The Literature of our Island may be said to have, of late years, exemplified the truth of reflection of this nature, as it may also be said to have been fruitful in generating Poetical talents, of no inferior order, emerging from plebeian rank and station, and the actual progress which they achieved in polite literature and sciences, when this genial principle of mental emancipation has struggled into birth, surrounded by poverty, and by every other deteriorating circumstance in the shape of coarse and sordid minds in those to whom they would naturally look for example, for patronage, and support.

Generous and emulative spirits, — emulative of that high and heaven-born genius which disdains to be fettered by the dull range of thoughts, which circumscribes the souls of those among whom they were bred, — they have, at length, risen to a standard of excellence which has extorted the suffrage of honourable eulogium, even from the fastidiousness of criticism.

This may, perhaps, be said with justice of Chatterton, of Burns, of Bloomfield, of Drew, of Gifford, of Clare, and of Kirke White.

The fate of Chatterton, — his advantages in early youth, — the wonderful powers which could, whilst so young and so destitute of every gift, except alone that of Nature, imagine the poems which, it is generally acknowledged his genius had a great share in composing, — together with the standard and merits of his labours, — have long been before the public, and have, perhaps, been sufficiently analyzed to enable criticism, in all after ages, to form a fair and correct judgment.

Burns has likewise passed his ordeal, — flattering, on the whole, it must be said to be, since almost every author of eminence and of weight, has joined in eulogizing his powers, and the delicacy of his sentiments.

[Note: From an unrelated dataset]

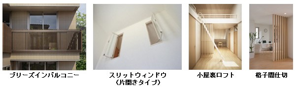 ■商品特長 1.「風」を活かした提案 「xevo」は元来、高い断熱性能を有しており、夏場の暑い時期でもわずかにエアコンを使用するだけで、快適に過ごすことができます。さらに、今回の新商品「xevoFU~風~」では、通風を利用して、よりエコな暮らしを実現するため、それほど暑くないときは、自然の「風」を活かして、外から心地よい風を室内へ取り込み、室内の熱気を排出する風の道の工夫を取り入れました。 |
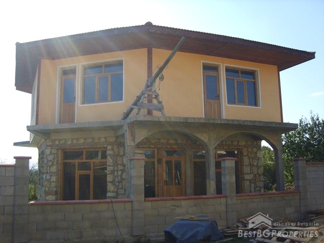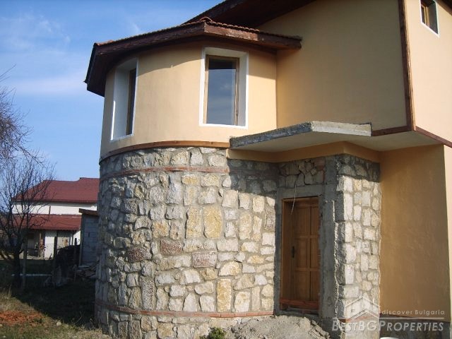 The house which is for sale has total living area of 144 sq m. It is two stories. The first floor is made out of natural stone and the second floor is made of brick. The house has very interesting design and it is very pretty. The first floor consists of a large living room with kitchen box and dining area. There is also a WC and bathroom on the same floor. The second floor consists of three bedrooms, two bathrooms with WCs, large balconies. The house is built on a plot of land - 400 sq m in size.

Sprung from obscurity, he rose to distinction and notice by the strength and variety of his poetical conceptions, and quickly drew the patronage and flattering caresses of the rich, and, if his career had not been tarnished y profligacy of life, and a course of vices, unworthy, at once of the resources of his mind, and the reputation to which he aspired, might have sustained a character correspondent, to his mental rank. The variety and copiousness of his genius will not be disputed; the beauty, the vigour, and the grace of his Muse have, generally, likewise been the subjects of the highest encomiums, especially of late, since, as it seems, the fashionable suffrage of criticism has discovered that high rank which Scottish phraseology and thinking ought to occupy in human literature.

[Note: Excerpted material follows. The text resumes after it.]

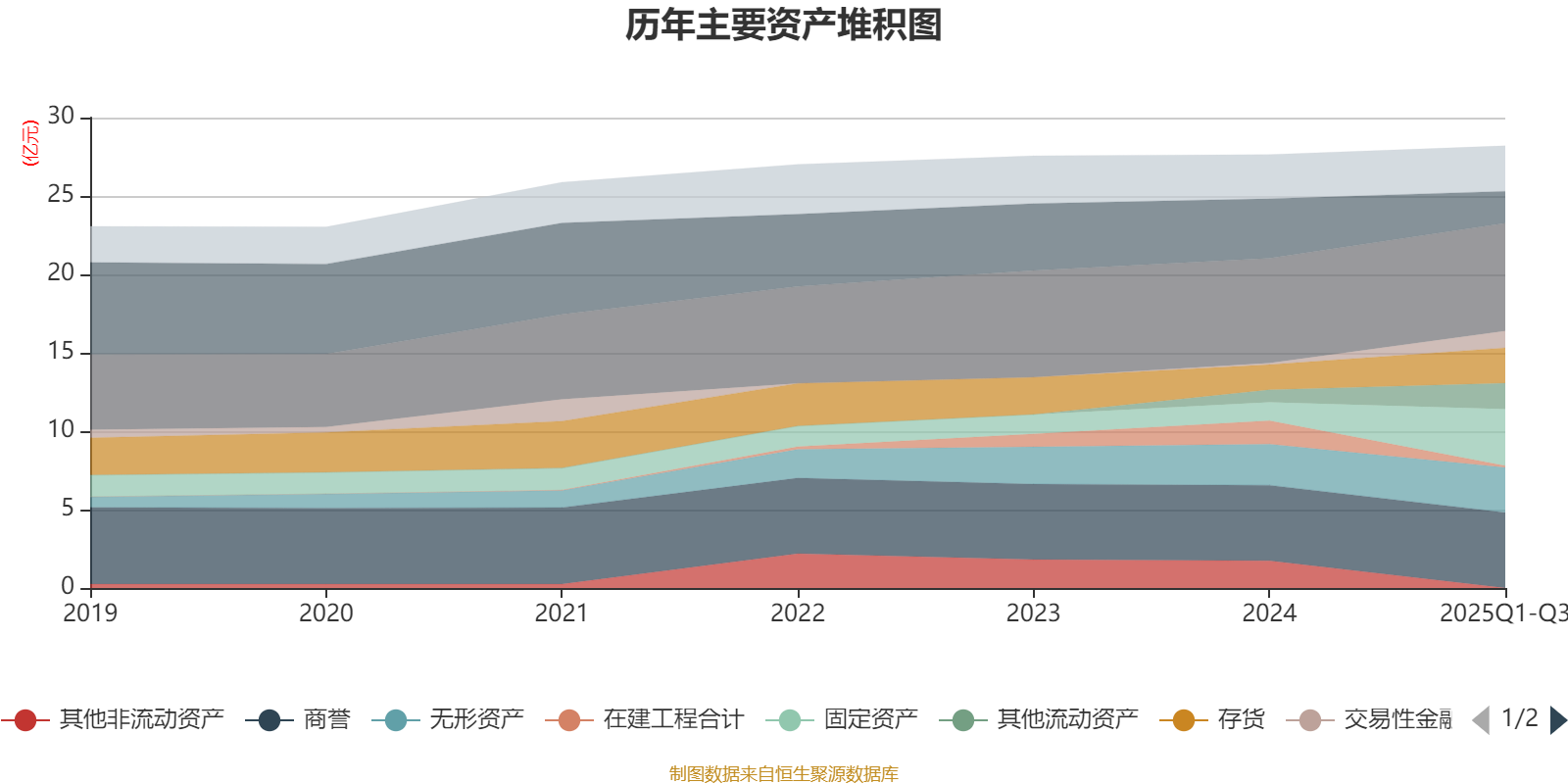 资产重大变化方面,截至2025年三季度末,公司固定资产较上年末增加209.23%,占公司总资产比重上升8.6个百分点;货币资金较上年末减少46.5%,占公司总资产比重下降6.53个百分点;其他非流动资产较上年末减少100%,占公司总资产比重下降6.29个百分点;在建工程合计较上年末减少92.74%,占公司总资产比重下降5.01个百分点。

Bloomfield has had a large share of public acknowledgment, — his productions have been favourably received at the tribunal of criticism, whilst all who could feel, and all who could appreciate pathos of sentiment, and simplicity of description, have admired that mind which, having submitted to the menial drudgery, and all the servile offices of a rustic, could enroll them in the annals of Harmony and Song.

The two next whom we have mentioned are Gifford and [Samuel] Drew, although their class and character of genius are widely different, — the one a Poet, and a man of polite literature, and the other a Metaphysician, they were yet, in their birth and origin, pretty similar to each other. Of mean parentage, and, during the period of childhood, not only destitute of the common means of instruction, Gifford, however, afterwards experienced the advantages of education, and was admitted to the immunities which letters afford, and has proved, by the ardour with which be attached himself to these pursuits, and the works he actually accomplished, that there was originally implanted in him a native sympathy for the more refined exercises of intellectual converse.

Drew, although characterized by similar circumstances of life, wanted perhaps the advantages which distinguished Gifford. Condemned to labour with his hands for his subsistence under the controul of a sordid and ignorant master, he at length, as he tells us, accidentally, in his boundless thirst for imbibing literary knowledge from any thing in the shape of books which fell in his way, met with Locke's Essay on the Human Understanding. Upon beginning to read, he was struck with utter astonishment. It seemed to treat of subjects of which, before, he had no conception, and to endeavour to fathom matters beyond the bounds of human comprehensibility. Filled with a train of new ideas, which seemed altogether above the standard of his former thinking, — his energetic genius received an additional stimulus, and, although before turned to the pursuit of knowledge, they were now prompted by a curiosity and ardour which knew no bounds. Having, at length, surmounted the obstacles which seemed so formidably to oppose themselves in this new science, he, at length, thought deeply for hmself, and crowned his labours by the production of the "Essay on the immateriality and Immortality of the Human Soul;" a work which, without pronouncing its critical rank in lucubrations of this class, certainly argues a depth of thought, a patience of investigation, and a display of talents considerably above the common standard of those who have written on these abstract subjects, who have, nevertheless, enjoyed the early advantages of education.

Of the genius of Clare and Kirke White we may, without incurring the charge of tediousness, go a little into detail.

The Poems of Clare, a Northamptonshire peasant of the lowest order, which have recently been given to the world, may be thought well calculated to generate the reflections in which we just now indulged. It is not too much to say that the genius of their author, for poetic imagery of a genuine class and character, stands high among his contemporaries, while his means of intellectual culture were unprecedentedly low; — such indeed as, without very extraordinary energy of mind and imagination, aided by every parsimony of time and attention, he could not have succeeded in giving his embryo conceptions intelligible utterance to the world....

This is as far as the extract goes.